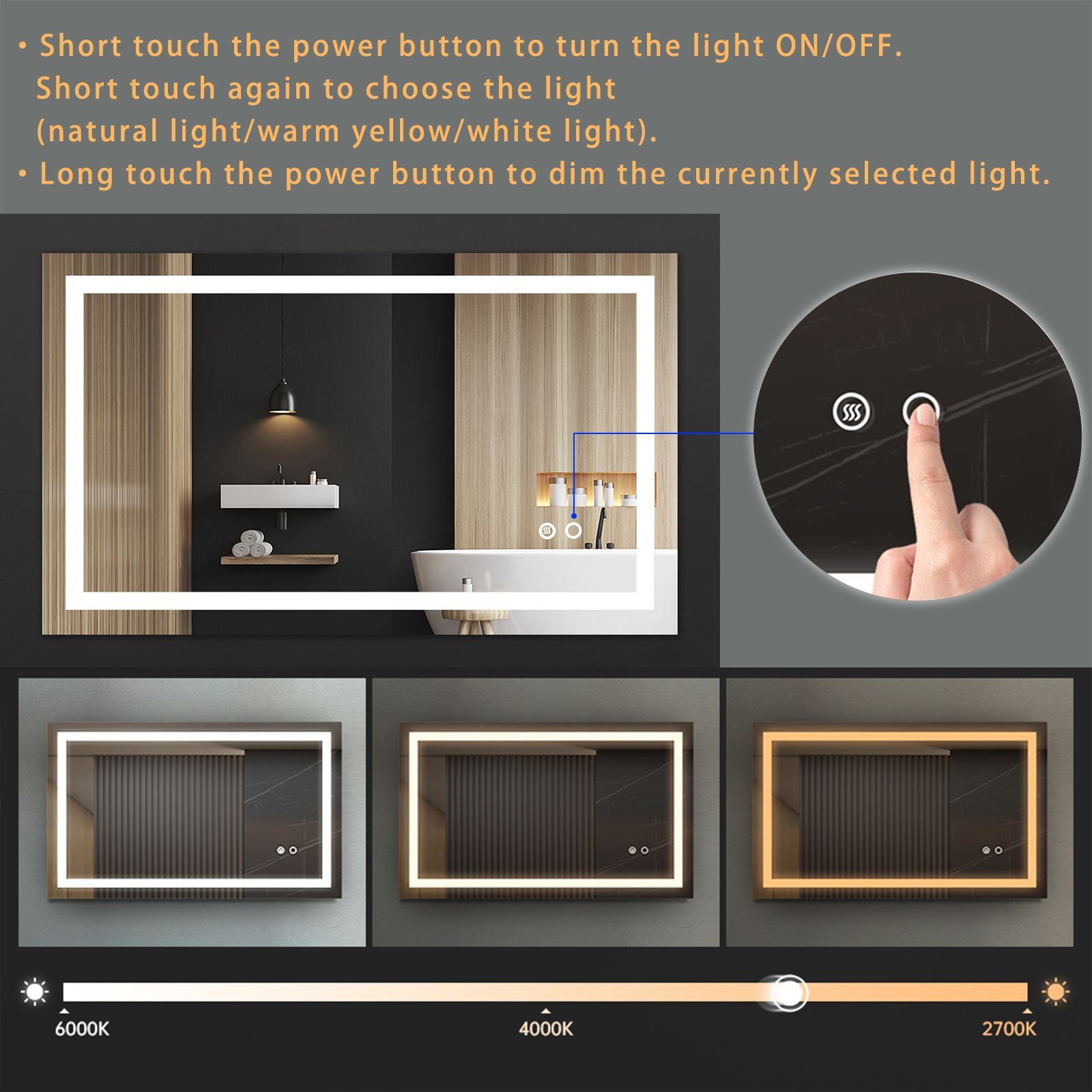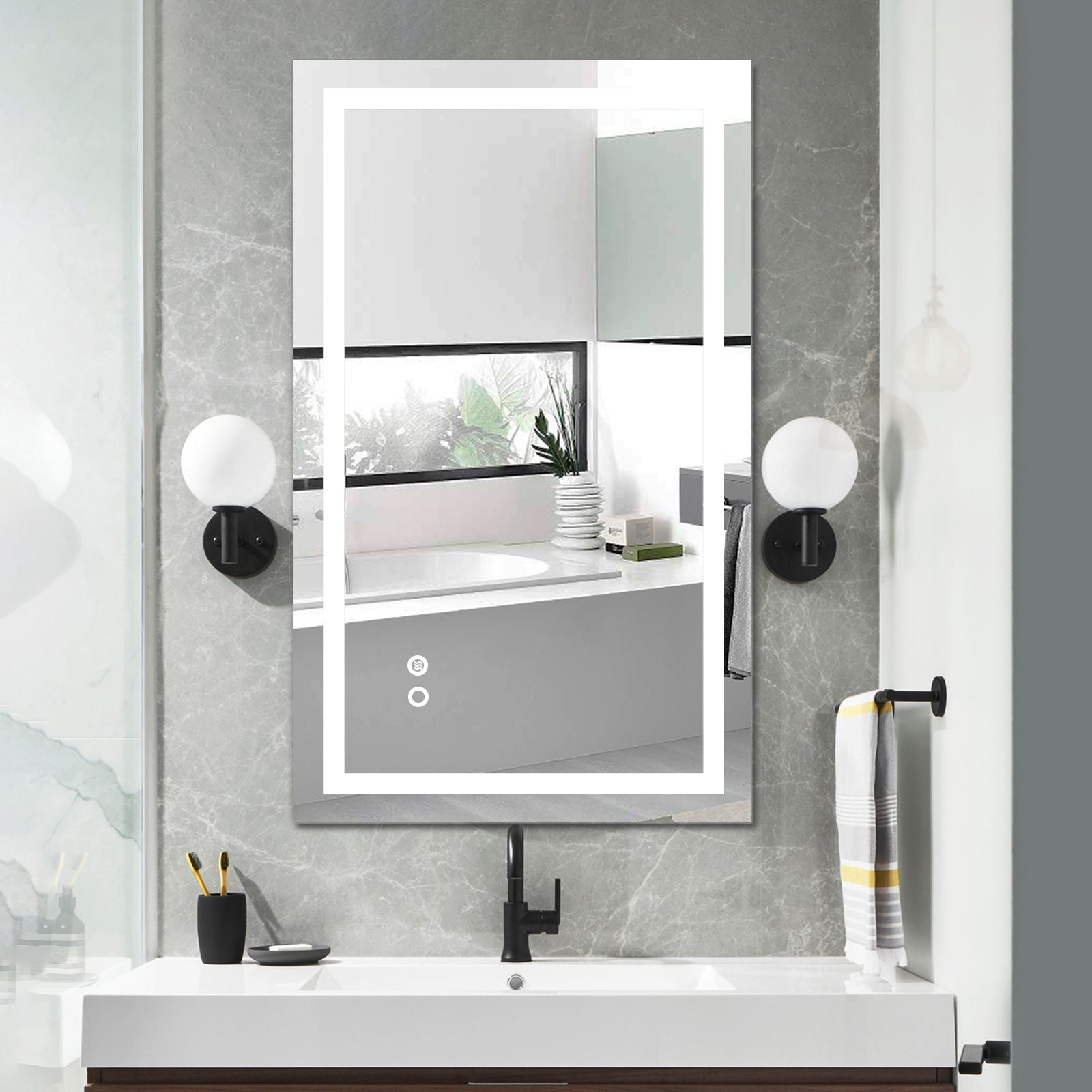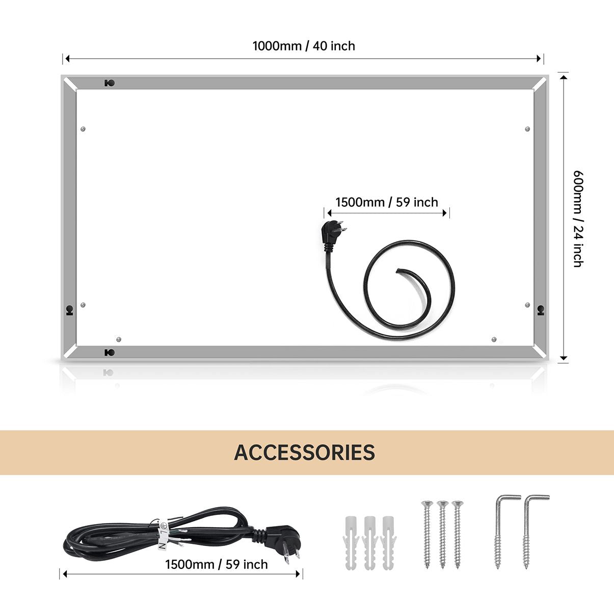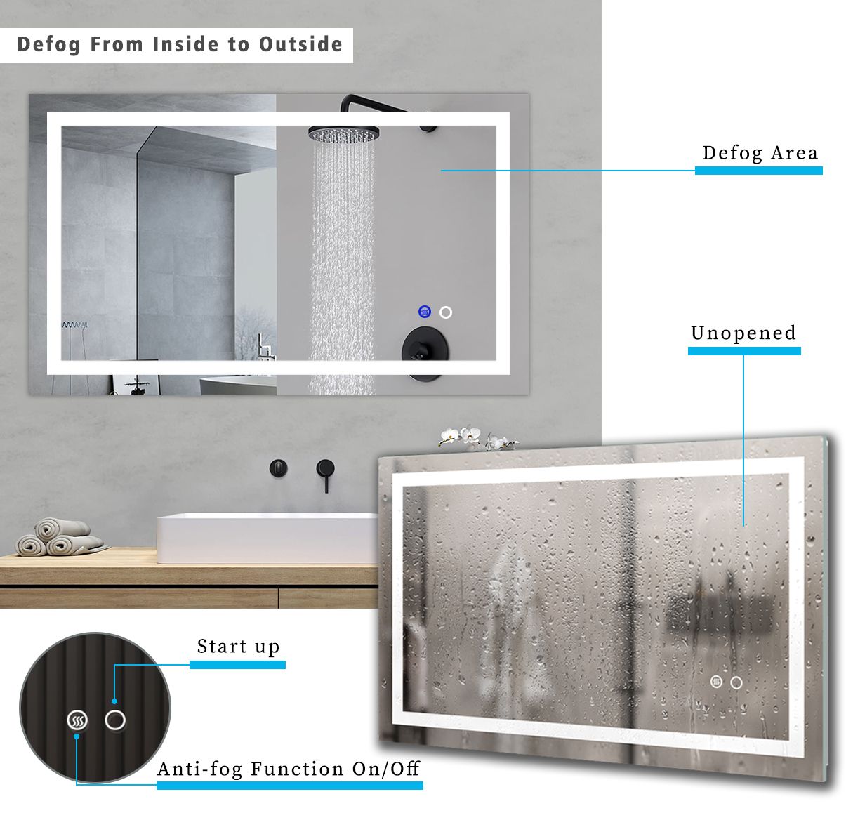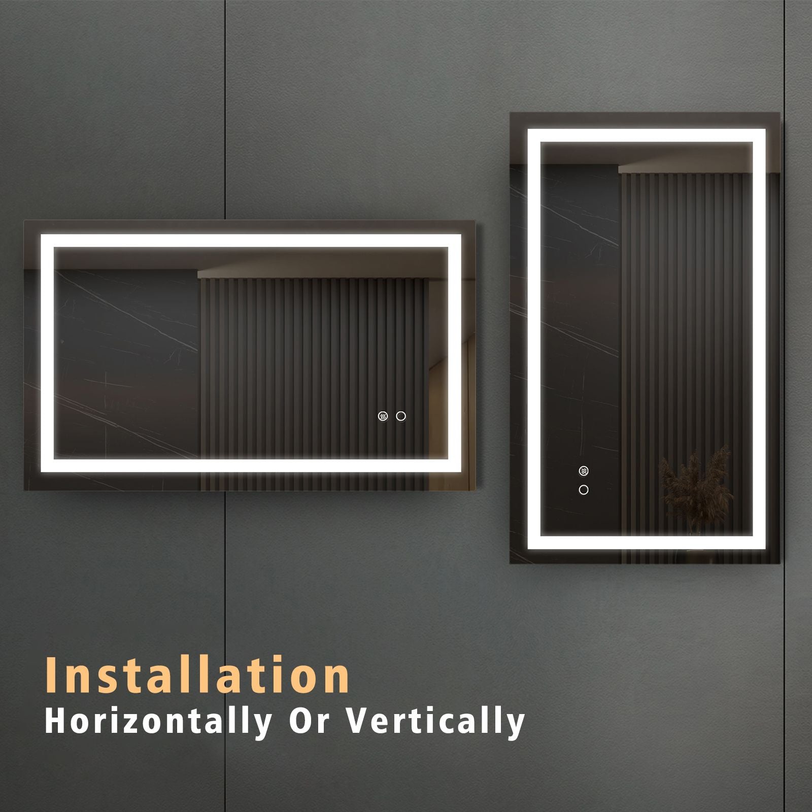 40*24 LED Lighted Bathroom Wall Mounted Mirror with High Lumen+Anti-Fog Separately Control+Dimmer Function
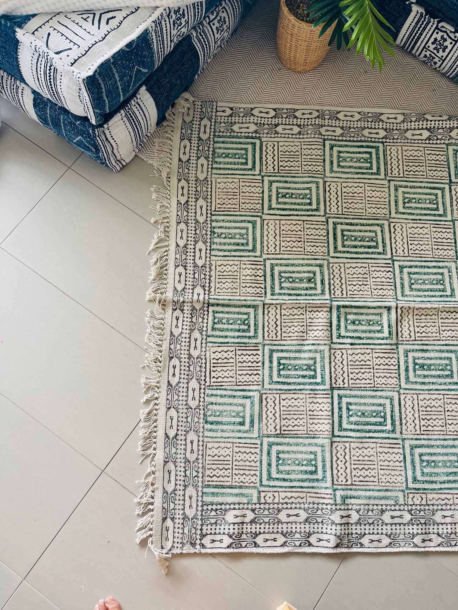 The intricate patterns adorning the rug are the result of careful hand-printing by local artisans, making each piece a unique expression of creativity and skill. Measuring 185cm x 125cm, this handcrafted rug is not just a functional addition but a statement of style that effortlessly enhances any living space.
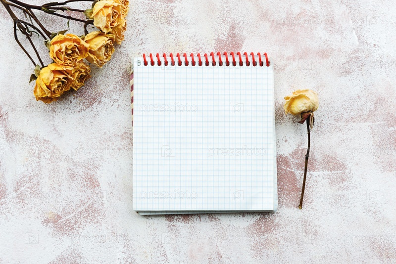 Чистый блокнот для записей на светлом нежном фоне и сухих цветах и травах. Канцелярские товары мягкий фон. Вид сверху, крупный план и пространство для копирования

◇ ◇ ◇ ◇ ◇ ◇ ◇

**Goal of the exercise:**
Print the data once more without any change, skipping each picture.

**Response box:**
 40*24 LED Lighted Bathroom Wall Mounted Mirror with High Lumen+Anti-Fog Separately Control+Dimmer Function
 The intricate patterns adorning the rug are the result of careful hand-printing by local artisans, making each piece a unique expression of creativity and skill. Measuring 185cm x 125cm, this handcrafted rug is not just a functional addition but a statement of style that effortlessly enhances any living space.
 Чистый блокнот для записей на светлом нежном фоне и сухих цветах и травах. Канцелярские товары мягкий фон. Вид сверху, крупный план и пространство для копирования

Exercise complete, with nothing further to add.